At present there is no single accepted standard practice for comparison of optical tables from different manufacturers. This accounts for much of the unnecessary complexity in technical performance specifications introduced by different makers.

At KSI, we want you to be aware of the important difference between reality and specification hype. For example – flatness, stiffness, weight, static deflection, dynamic compliance, natural frequency, and damping are real properties of any optical table, and these are directly measurable by standard instruments and techniques. However, some manufacturers use theoretical estimates of intangible performance parameters which cannot be verified. For optical table selection and comparison, real measured data and test results can never be replaced by theoretical computed estimates based on idealized assumptions and unproven hypotheses.


Consider the Basics When Selecting and Specifying Optical Tables

There is so much technical jargon and unnecessarily complicated static and dynamic deflection concepts being used to sell optical tables and vibration isolation equipment that it’s easy to become confused and distracted from what you really need to know. We would like you to review the following basics so you can feel confident when selecting an optical table or isolation system for your application.


Natural Frequency

Optical tables should have a high natural frequency (preferably above 90 Hz) to avoid coincidence with prominent low frequency sinusoidal building vibrations typically occurring between 6 and 60 Hz. At KSI, we provide one piece tables in popular sizes up to 6 feet (1.83m) by 16 feet (4.88m) whose lowest natural frequency is 90 Hz or better to protect you from resonance with building vibrations. You can see this in our natural frequency graph in Figure 47.1. If the (length/width) ratio of the table is equal or greater than 1.33 the lowest frequency mode will be free-free bending, otherwise the lowest mode will be free-free twisting. For custom applications we can manufacture large tables with special tooling or by splicing one or more tables together. These will have lower natural frequencies which may be extrapolated from Figure 47.1.

Static Deflection

Optical tables should be stiff to minimize relative deflection, or sag, between supports due to their own weight. High stiffness in our tables and breadboards is insured by our proprietary damped rigid epoxy, and is not compromised by plastic or viscoelastic laminations. The high stiffness of our tables is confirmed by their high natural frequencies in Figure 47.1 and the corresponding very small static deflections shown in Figure 47.2. The maximum static (1g) deflection of KSI tables relative to their supports has been tested and conforms to simple beam deflection theory. It should also be noted that the tables’ static deflections are significantly less than their flatness tolerances.
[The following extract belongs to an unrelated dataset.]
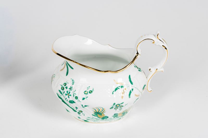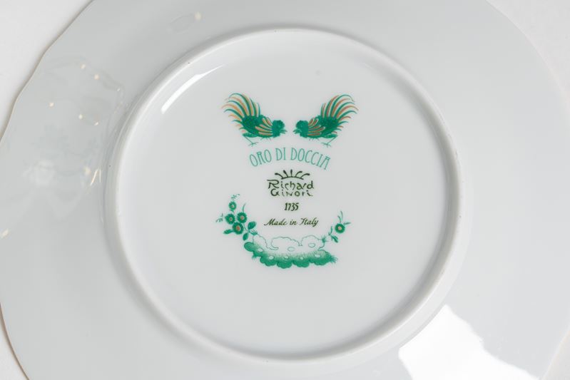 Composto da sei tazze con piatto, teiera, zuccheriera e lattiera. Alla base "Oro di Doccia Rchard Ginori 1735"

Deflection Due to Equipment Load

In addition to minimizing static deflection, the high stiffness of our tables minimizes relative deflection due to weight of components and equipment installed on the table. If you assume that the installed equipment is uniformly distributed across the table, then the added table deflection due to the equipment is determined simply by multiplying the deflection from Figure 47.2 by the (equipment/table) weight ratio. If you are using heavy equipment, we recommend that you repeat this deflection computation with different table lengths and thicknesses until you obtain an acceptably low value, say 10%, of the precision required by your application.


Unit Load Deflection

The maximum relative deflection due to a one-pound concentrated load centered on the table should be minimal and is presented in Figure 47.3. As is the case with our table static weight deflection tests, results show that unit load deflections also conform closely with simple beam deflection theory. To calculate the deflections due to higher magnitude concentrated loads at the center, simply multiply the unit load values in Figure 47.3 by the higher load value. For example, if the deflection due to a 250 lb load is desired, multiply the graph value by 250 for the selected table size.

Optical Table Weight

Figure 48.1 presents the approximate weights for 48″ wide 5300 Series tables of various standard thicknesses. The weights of other corresponding tables of different width and skin thickness may be estimated by multiplying the values in Figure 48.1 by the ratios of (actual width/48″) or (actual skin thickness/ .180″) as appropriate. Our steel honeycomb optical tables are inherently structurally efficient and weigh substantially less than a solid steel or granite equivalent flat surface plate. Nevertheless, a certain amount of weight is desirable for stability and resistance to vibratory forces. Thickness and length govern the table weight. Two rules of thumb are: (1) the table should weigh between 2.5 and 5 times the mounted equipment; and (2) the minimum table thickness should be between 6% and 10% of the length. Use these rules to define the minimum weight of your table selection. For example, for precision applications the minimum recommended standard thickness of a 10′ long table should be 8″ or 12″ thick.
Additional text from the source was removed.